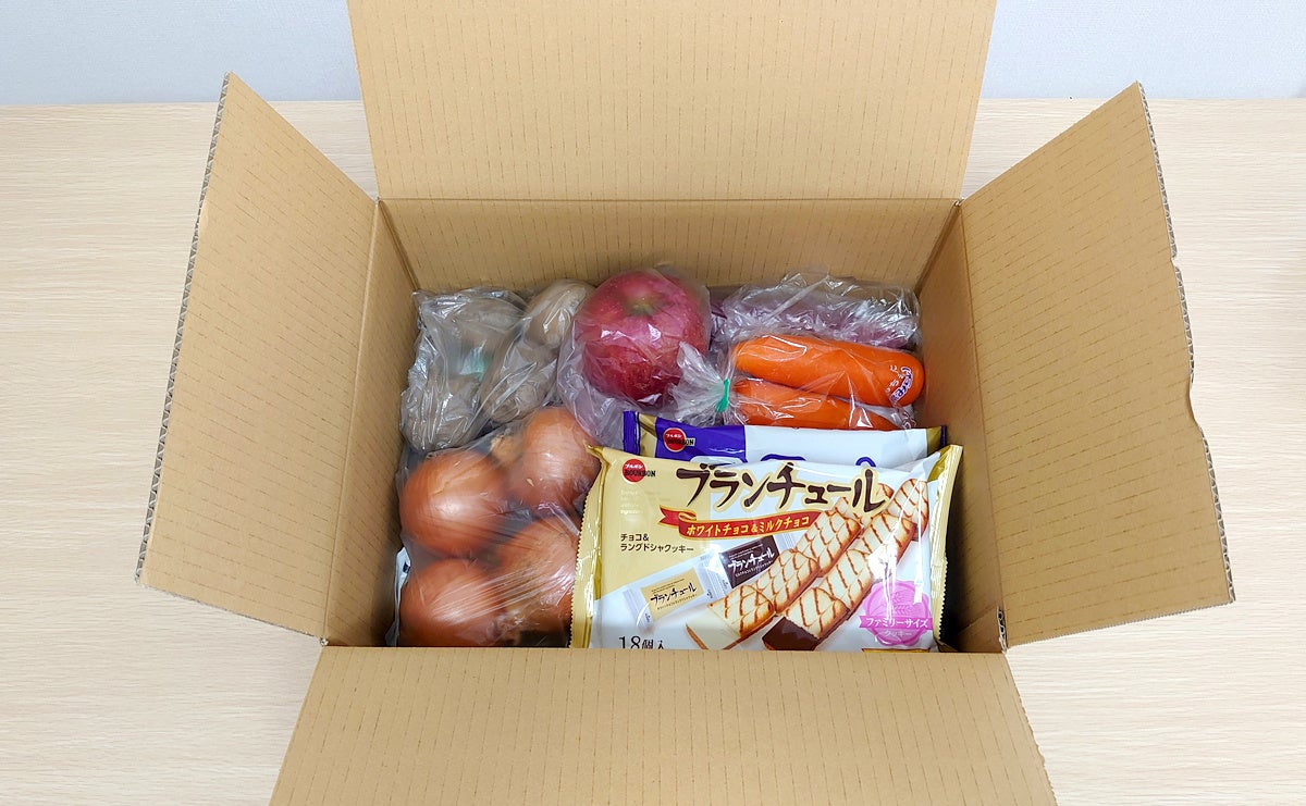 食糧支援の内容は「スクージー4袋」「米、パスタ」「日持ちの良い野菜」「ふりかけ、のり」「お菓子(子供用)」などをお送りする予定です。
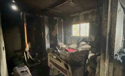 Yangın nedeniyle prefabrik ev kullanılamaz hale gelirken, olayla ilgili inceleme başlatıldı.
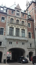 Une fois les données collectées, il est temps de visiter. Nous traversons donc le château par sa cour intérieure, où on peut voir une pierre datée de 1647, provenant du château de Saint-Louis et gravée d'une croix de Malte (le truc rouge au-dessus de l'arche sur la photo de droite), ainsi que des gens en livrée, et une tour vertigineuse de chambres : une nuit ici ne doit pas être dans nos moyens !
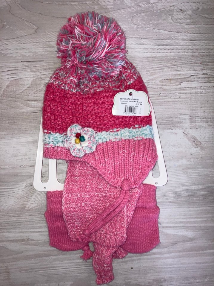 Çiçek Detaylı Pembe Örgü Çocuk Bere ve Atkı Seti
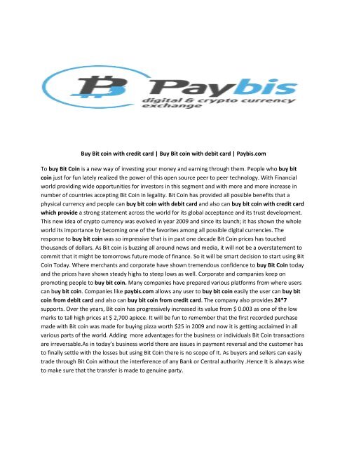 Buy Bitcoin With Credit Card Buy Bitcoin With Debit Card Paybis Com from img.yumpu.com The reason that buying bitcoins with a credit/debit card isn't available all around is because of chargeback before we start to explain how to buy bitcoin with debit card you can instantly buy bitcoin with credit card through their app or web platform thanks to their cooperation with simplex. If you want to buy bitcoin or any other crypto with a credit card or debit card, start comparing the fees and features of the brokers and exchanges that offer this service. So far we've discussed how to buy bitcoins with a credit card. Credit purchases are also not a good idea if you plan to. We've collected the best exchanges and listed them for you below. Buying btc with a credit card or debit card is instant. Otherwise, you risk facing fees from both the payment network and the card issuer. To avail themselves of the new feature users can follow the simple account setup instructions on paybis.com and sign in with their.
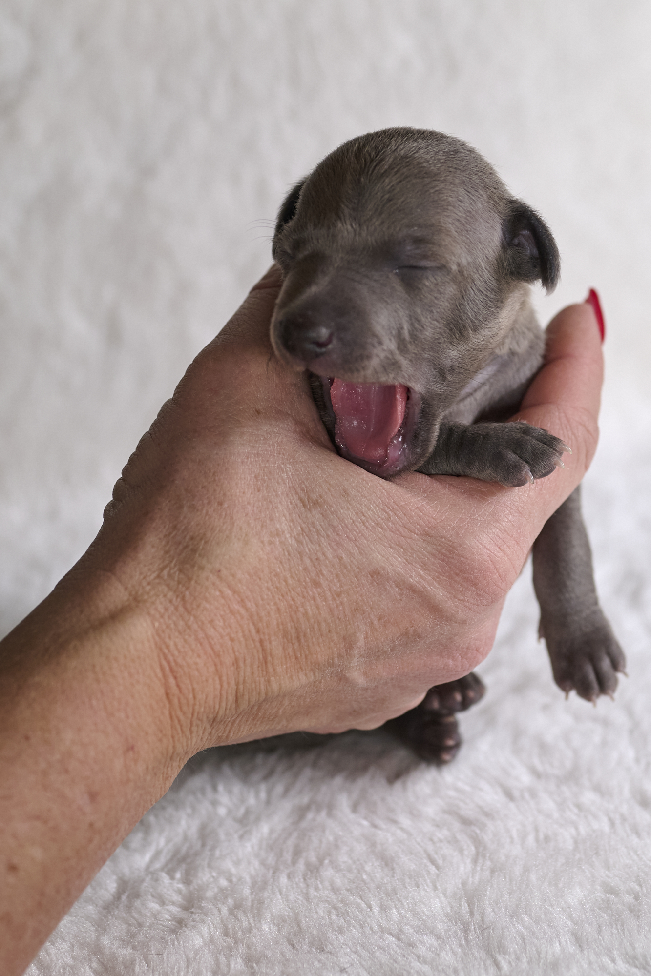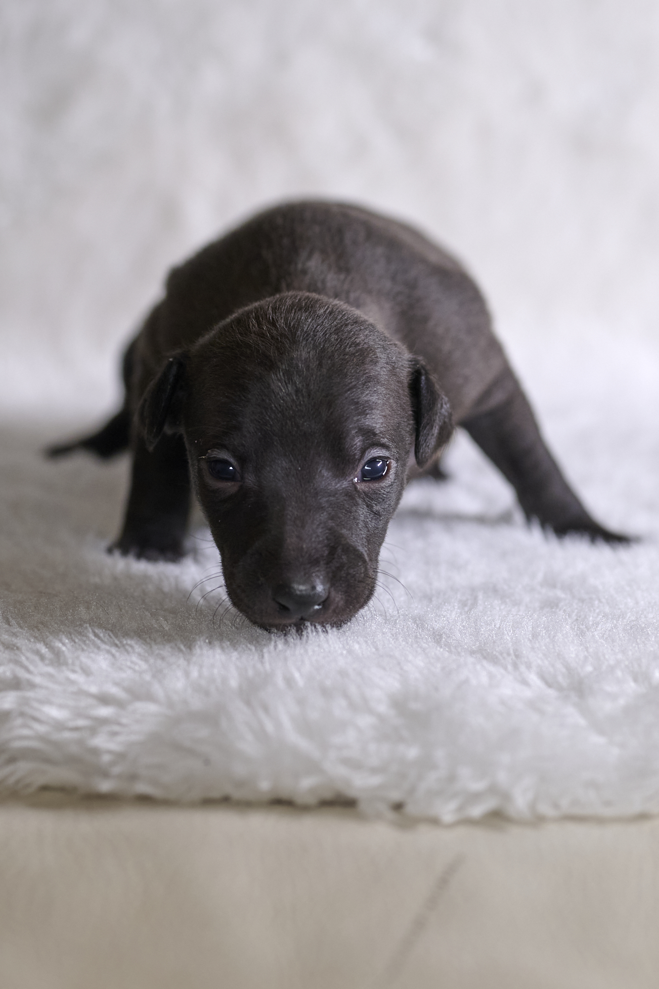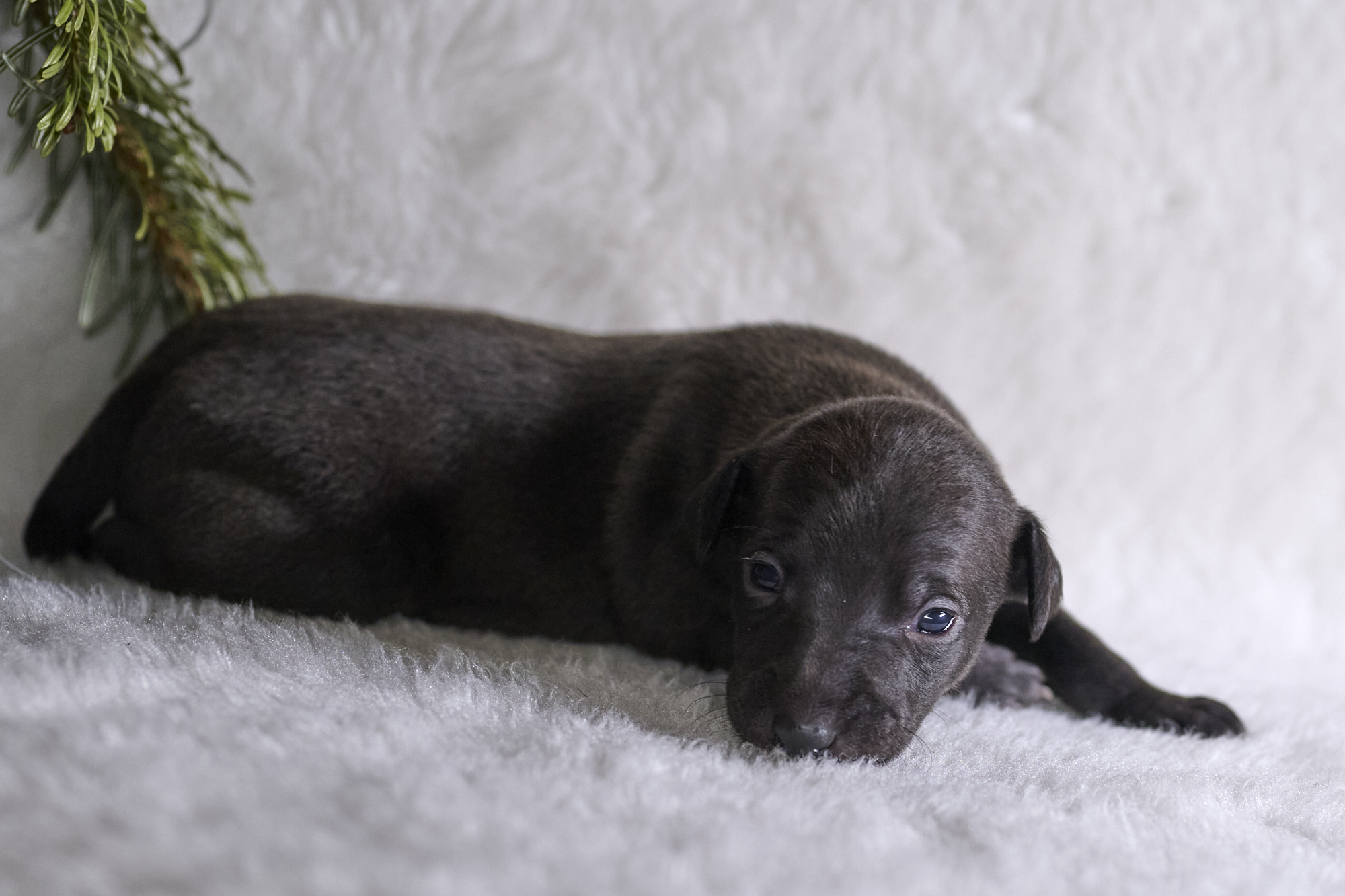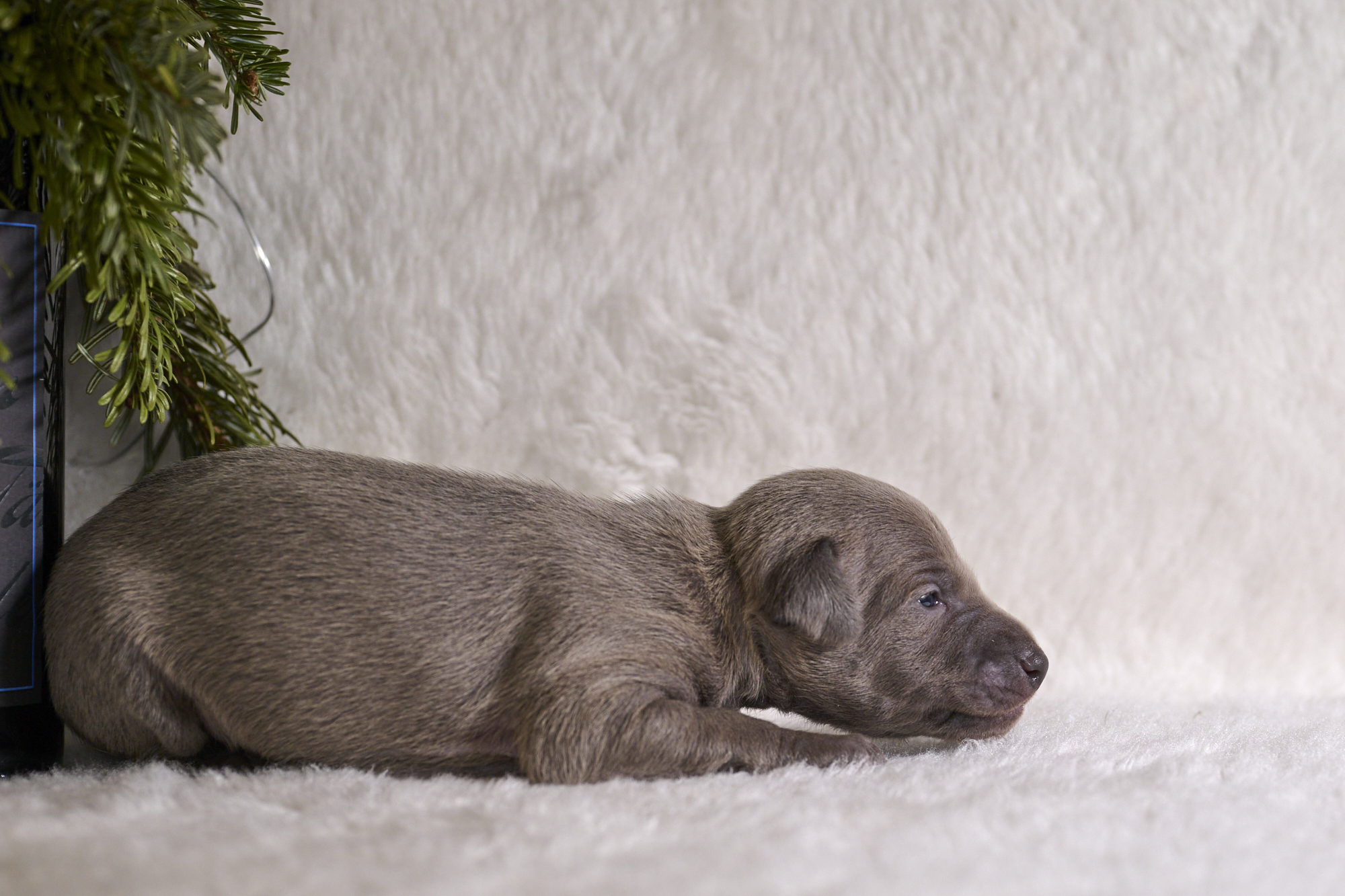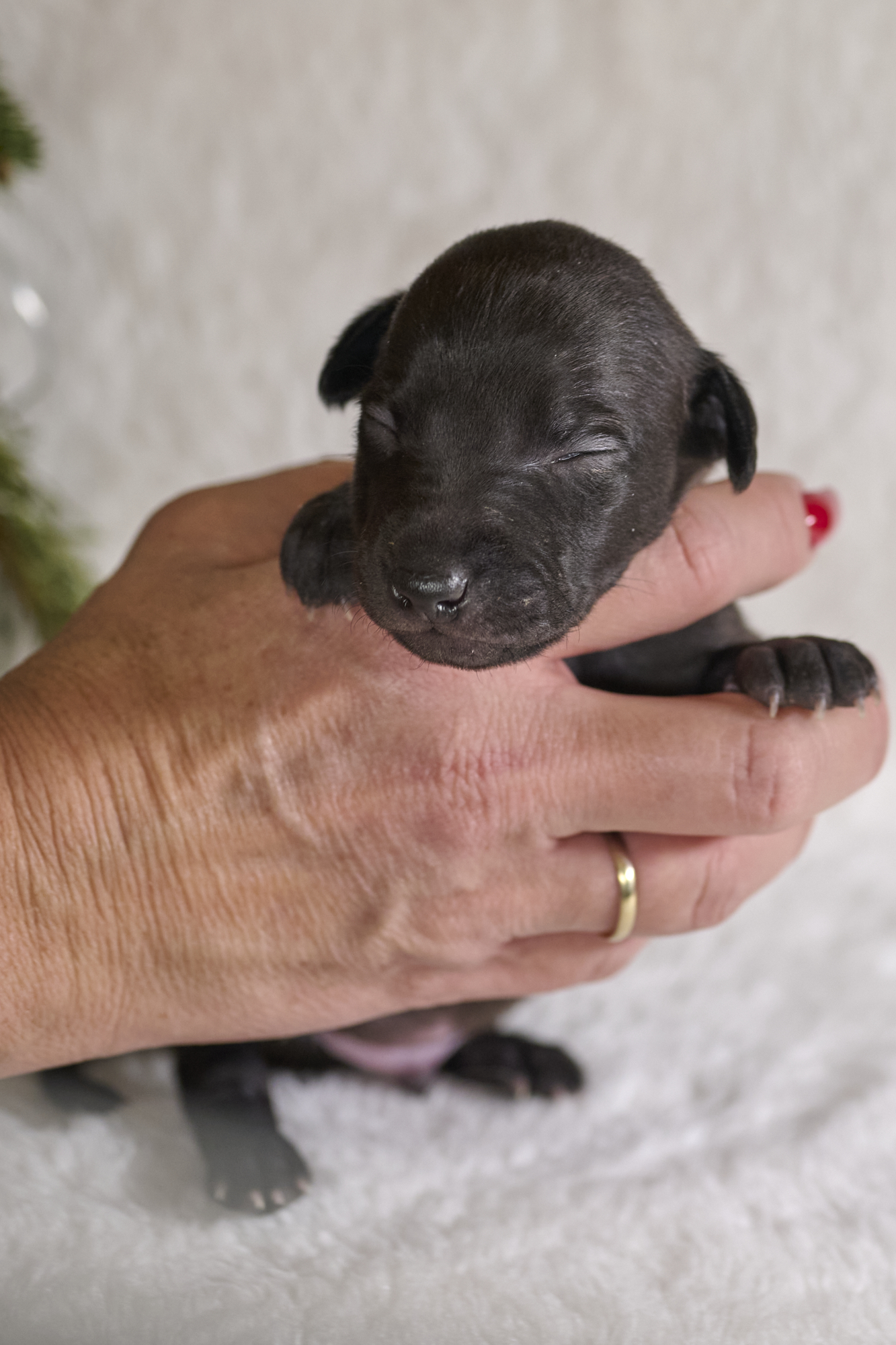 Die Welpen sind nun aus dem Gröbsten heraus und beginnen, Äuglein und Öhrchen zu öffnen. Sie versuchen nun, ihr Köpfchen selbst zu halten. Das ist immer noch eine wackelige Angelegenheit, weil sich die Halsmuskulatur erst noch entwickeln muss.
════
### [EXERCISE REQUIREMENTS]
Your response must consist of the lines from the beginning of the data through the line containing "Çiçek Detaylı Pembe", transcribed exactly, with no pictures.

### [SOLUTION FOR THIS PROBLEM]
 食糧支援の内容は「スクージー4袋」「米、パスタ」「日持ちの良い野菜」「ふりかけ、のり」「お菓子(子供用)」などをお送りする予定です。
 Yangın nedeniyle prefabrik ev kullanılamaz hale gelirken, olayla ilgili inceleme başlatıldı.
 Une fois les données collectées, il est temps de visiter. Nous traversons donc le château par sa cour intérieure, où on peut voir une pierre datée de 1647, provenant du château de Saint-Louis et gravée d'une croix de Malte (le truc rouge au-dessus de l'arche sur la photo de droite), ainsi que des gens en livrée, et une tour vertigineuse de chambres : une nuit ici ne doit pas être dans nos moyens !
 Çiçek Detaylı Pembe Örgü Çocuk Bere ve Atkı Seti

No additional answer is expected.